SHP – 506

IN THE MATTER OF AN ARBITRATION

BETWEEN:

CANADIAN PACIFIC RAILWAY COMPANY

(the “Company”)

AND

NATIONAL AUTOMOBILE, AEROSPACE, TRANSPORTATION AND GENERAL WORKERS UNION OF CANADA (CAW-CANADA), LOCAL 101

(the “Union”

IN THE MATTER OF THE GRIEVANCE OF K. BOYAK – WINNIPEG DIESEL SHOP

 

 

SOLE ARBITRATOR:                Vincent L. Ready

 

 

There appeared on behalf of the Company:

Gilles Pepin

 

 

And on behalf of the Union:

Brian McDonagh

 

 

 

A hearing in this matter was held at Vancouver, B.C., September 28, 1999.

 


AWARD

The issue giving rise to this dispute concerns an alleged violation of Rule 5.14, whereby the Company used Labourers to perform Engine Attendant’s work on September 10 and 12, 1998.

The Union filed a grievance alleging the Company set up a Labourer, R. Armstrong, on August 10, 1998, and Labourer, R. Dattero, on August 12, 1998, to fill one day vacancies of Engine Attendants without calling all employees on the Engine Attendant overtime list. The grievance alleges this is a violation of Rule 5.14, which reads as follows:

EQUALIZING OVERTIME

5.14     When it becomes necessary for employees in a classification to work overtime they shall not be laid off during regular working hours to equalize the time.

At points where there are sufficient numbers, employees shall not (except as provided for in Rule 5.12) work two (2) consecutive rest days (holidays to be considered as rest days).

All overtime shall be distributed equally. (see Appendix 1).

Records shall be kept by the Company of all overtime worked and by whom it was worked. Such records of overtime worked shall be updated weekly, or more often if practicable, and shall be provided to the duly authorized Local Representative of the Union upon request.

All hours worked on a general holiday, overtime hours worked in supplementary service (Rule 6), and general shop/terminal overtime shall be included in the equalization of overtime.

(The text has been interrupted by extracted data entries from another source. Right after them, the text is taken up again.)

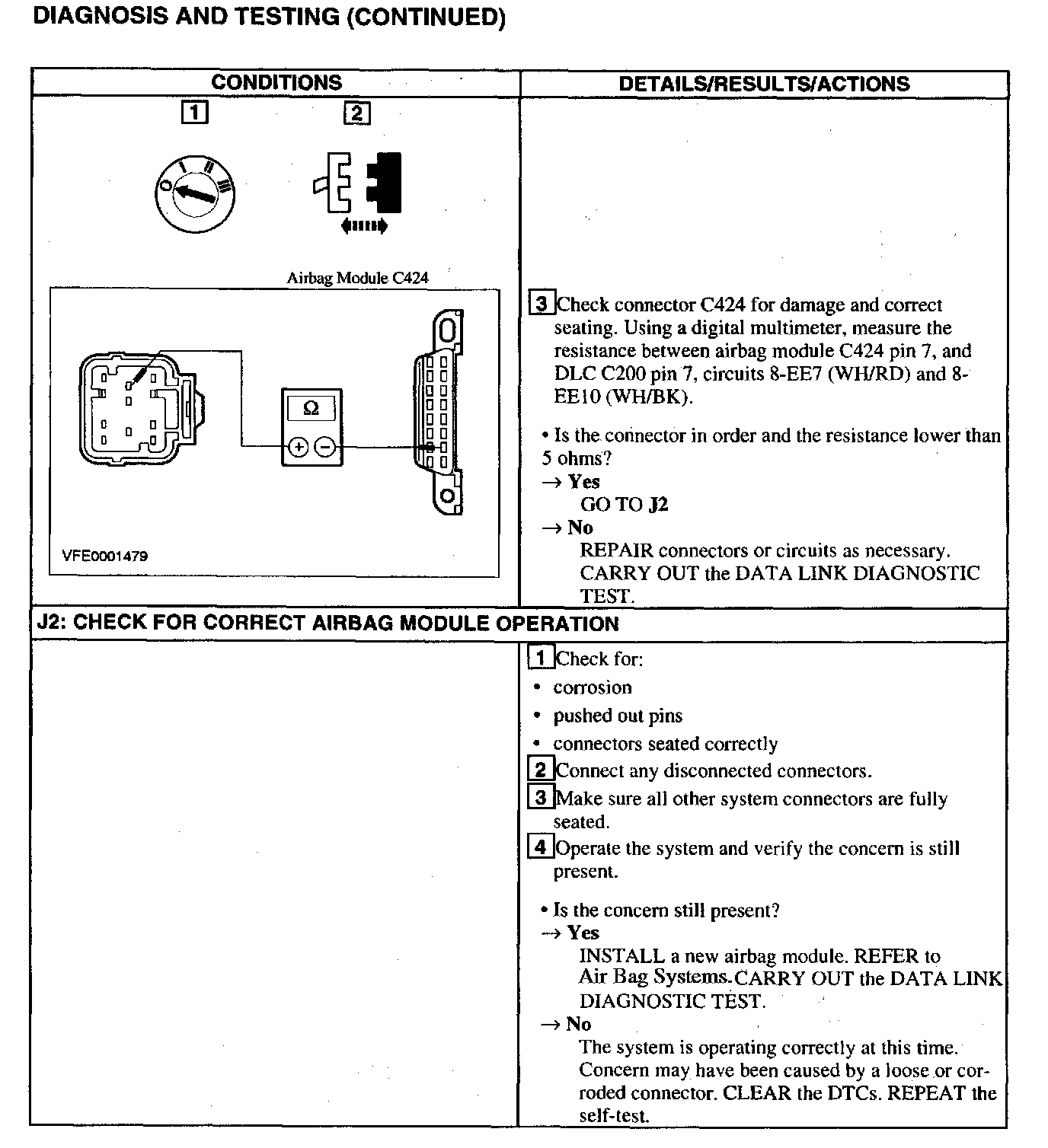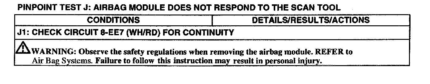 Test J: Airbag Module Does Not Respond to the Scan Tool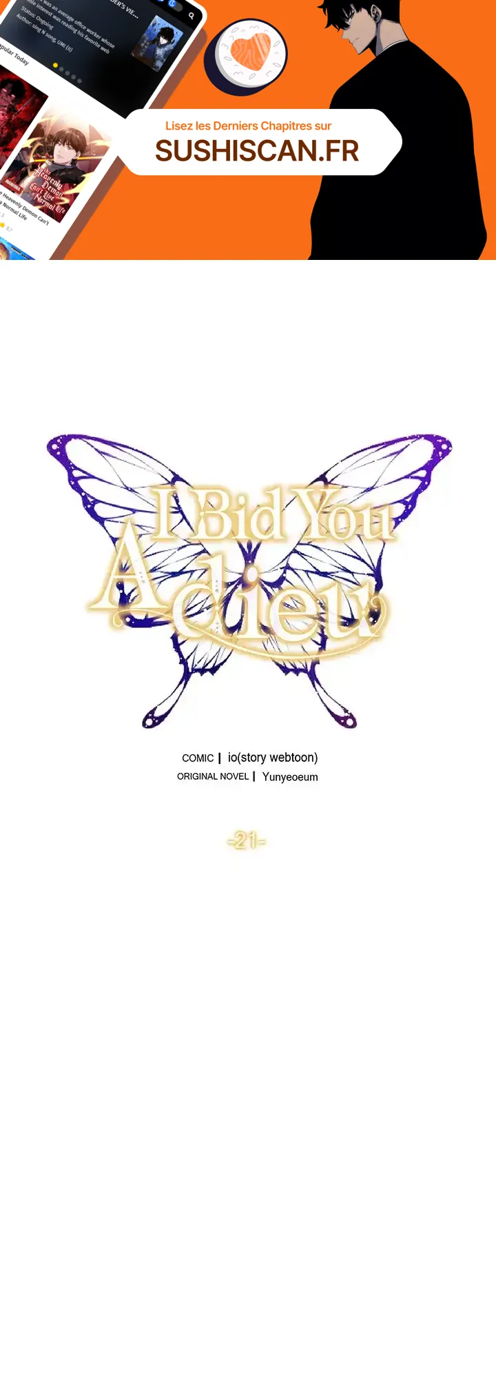 Lisez le dernier manga I Bid You Adieu Chapitre 21 sur SushiScan. Le manga I Bid You Adieu est toujours mis à jour sur SushiScan. N'oubliez pas de lire les autres mises à jour de manga. Une liste de collections de manga SushiScan se trouve dans le menu Liste de manga.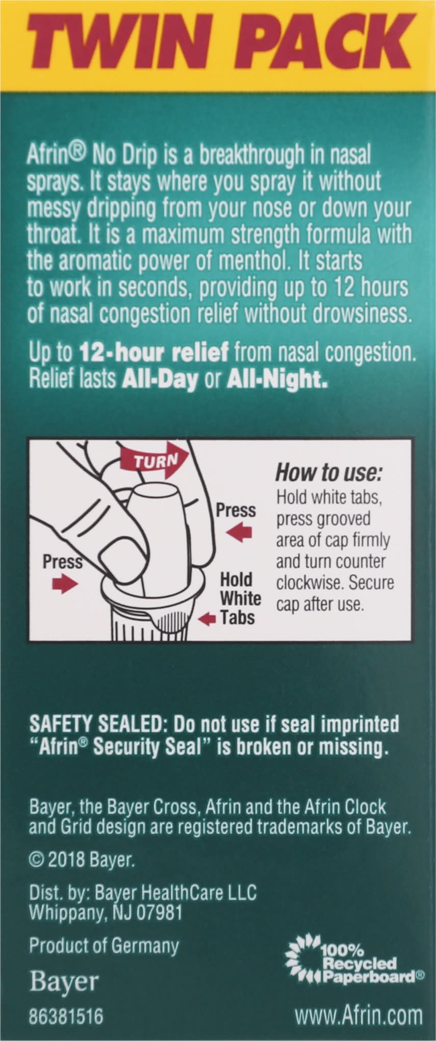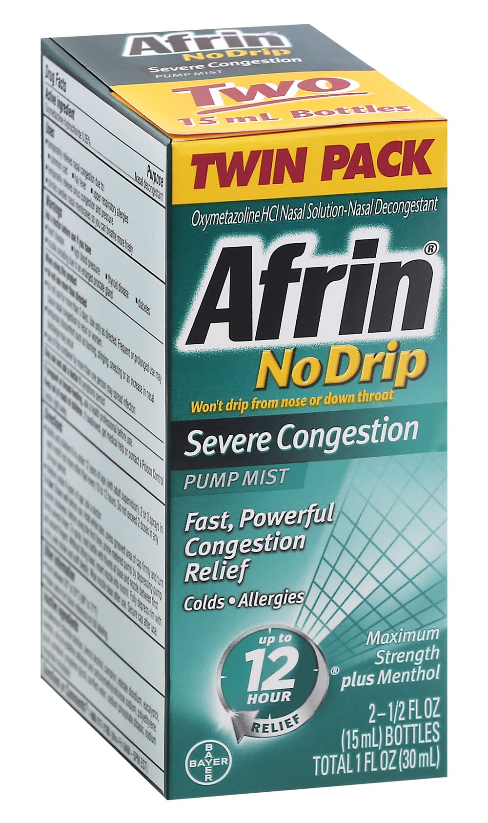 Afrin No Drip Severe Congestion Pump Mist Nasal Spray (2 x 0.5 fl oz)

Overtime in Supplementary Service shall first be available to employees awarded positions in such service or to employees on Supplementary Service spare boards as governed by the appropriate rules.

At the end of each calendar year, overtime hours worked as recorded on the equalization lists and supplementary overtime board(s) shall be rationalized in the following manner:

(a)        the employee with the lowest hours shall have his/her hours reduced to zero

(b)        all other employees shall have their total recorded hours reduced by an amount equal to the amount reduced in (a) above.

Employee(s) on an overtime equalization board refusing an overtime call from that respective board shall have their total hours adjusted to reflect the number of hours worked by the employee actually accepting the call.

Seniority shall govern in the establishment of new overtime boards and in the initial calling of overtime from such newly established boards.

It is the position of the Union in this case that both vacancies were in the classification of Engine Attendant and not in the classification of Labourer. The Union asserts that, by filling the vacancies with Labourers, the Employer is in violation of Rule 5.14.

As a remedy to this grievance, the Union seeks compensation of eight hours, pay at the prevailing overtime rate to be paid to the Engine Attendant with the least hours on the overtime list.

It is the position of the Employer that, on August 10th, it made every effort to call in Engine Attendants to fill a vacancy on the 08:00 to 16:00 shift. Unfortunately, after exhausting the list, the Employer could only fill the position from 08:00 to 12:00. Coincidental to this attempted call, another regular Engine Attendant called in sick. It is the Employer’s contention that since “reasonable efforts” had already been made to the fill in on the same shift, it would be unreasonable and unnecessary to make a second call.

Similarly, with respect to the August 12th situation, the position of the Employer is that it had already made the necessary effort under Rule 5.14 to call-in to fill a vacancy and, when that employee did not show up for work, the Employer had no choice but to fill the vacancy with a Labourer.

Consequently, it is the Employer’s position that there has not been any violation of Rule 5.14 and that the grievance should be dismissed.

DECISION

In the circumstances of this case I find that there was no violation of the Collective Agreement because the facts reveal that the Company did make, in my view, every reasonable attempt to call in the appropriate Engine Attendants pursuant Rule 5.14.

In the August 10th situation, clearly there was no one available from the list. In the August 12th situation, the call-in had been made, however, due to circumstances out of the control of the Employer, the employee did not attend at work. Having made “reasonable efforts” to call-in from the Engine Attendant seniority list, the Employer was not required to re-call all employees again.

In the result, the grievance is dismissed.

It is so awarded.

 

DATED AT VANCOUVER in the Province of British Columbia this 29th day of October, 1999.